Right now, sentiment is cautious. There is no strong buzz or euphoria around this IPO.

Note: GMP is not regulated by SEBI or stock exchanges, and does not constitute investment advice.

Strengths That Stand Out

1. Strong execution track record
The company has delivered multiple projects across transmission lines and substations. In EPC, execution capability is the primary moat — and this is a key strength.

2. End-to-end capabilities
From design to maintenance, the company operates across the value chain. This improves project control and can potentially enhance margins over time.

3. Exposure to high-growth segments
High voltage and extra high voltage projects are essential for integrating renewable energy into the grid. This positions the company in a structurally growing segment.

4. Healthy order book visibility
A ₹744.60 crore order book provides near-term revenue visibility, reducing uncertainty around future earnings.

Risks That Need More Attention

1. Dependence on competitive bidding
Most contracts are awarded through bidding. Lower bids win projects, but lower bids can compress margins. This creates a constant trade-off between growth and profitability.

2. Competition from larger players
The EPC space includes large, well-capitalised companies that can bid aggressively, absorb short-term margin pressure, and execute at scale. This can make it harder for mid-sized companies to compete consistently.

3. Working capital intensity
High receivable days mean cash gets locked, funding requirements increase, and in extreme cases, this can lead to liquidity stress even if profits look healthy on paper.

4. Dependence on government spending
A significant portion of projects is linked to government infrastructure spending and public sector undertakings. Any slowdown in project awards can impact growth.

5. Geographic concentration
The company has a strong presence in specific regions. Limited diversification can increase risk if regional demand slows.

Subscription Trends: Slow Start

On Day 1, the Om Power Transmission IPO saw a subdued opening:

  • Overall subscription: ~0.26x (26%)
  • QIB: ~0.51x — crossed the 50% mark
  • Retail: ~0.21x
  • NII: ~0.04x

QIB participation crossing 50% on Day 1 is a meaningful signal. Institutional interest often drives momentum in the final hours. This will be something to watch closely through April 13. Also read on How to Apply for IPOs on Sahi: Pre-Apply, Track & Allotment, etc here.

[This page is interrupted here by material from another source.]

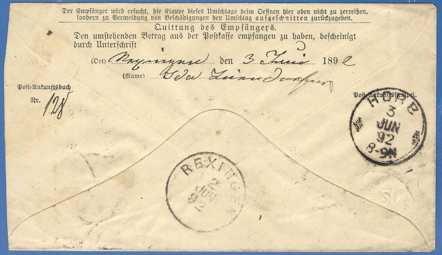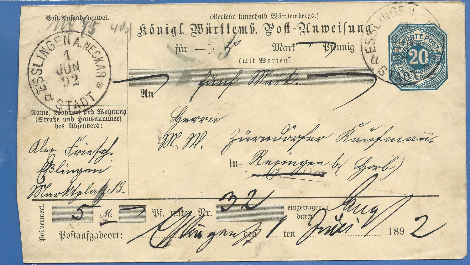 Esslingen an Max Wolf Zürndorfer vom 1. Juni 1892. Den Empfang der Summe

The Real Question: What Kind of IPO Is This?

If you step back, Om Power Transmission is not a listing gains story.

  • GMP is declining
  • Sentiment is moderate
  • Pricing is fair, not cheap

This looks more like a business where outcomes will depend on execution over time.

What can drive upside:

  1. Sustained order inflow keeping the book above ₹700 crore
  2. Margin stability or improvement (even 100–200 bps EBITDA expansion changes the story meaningfully)
  3. Better working capital management — faster cash conversion improves return ratios and reduces funding needs
  4. Accelerated government spending on transmission infrastructure

What can go wrong:

  • Aggressive bidding to win contracts at the cost of margins
  • Delayed payments straining cash flows
  • Rising competition from larger EPC players limiting growth options

Final Perspective

Om Power Transmission IPO sits at an interesting intersection.

On one hand: strong sector tailwinds, high historical growth, and reasonable valuation.
On the other: thin margins, working capital challenges, and competitive pressures.

This is not a black-and-white decision. It is a classic case of weighing growth potential against execution risk.

If the company manages its balance sheet well and continues to win quality projects, it can compound steadily over time. If not, it could struggle despite operating in a growing industry.

And that is the essence of evaluating EPC IPOs. Not just where the industry is going, but whether the company can navigate the journey efficiently.

Disclaimer: This article is for informational purposes only and does not constitute investment advice. IPO investments are subject to market risks. Please read all IPO-related documents carefully and consult a SEBI-registered financial advisor before investing.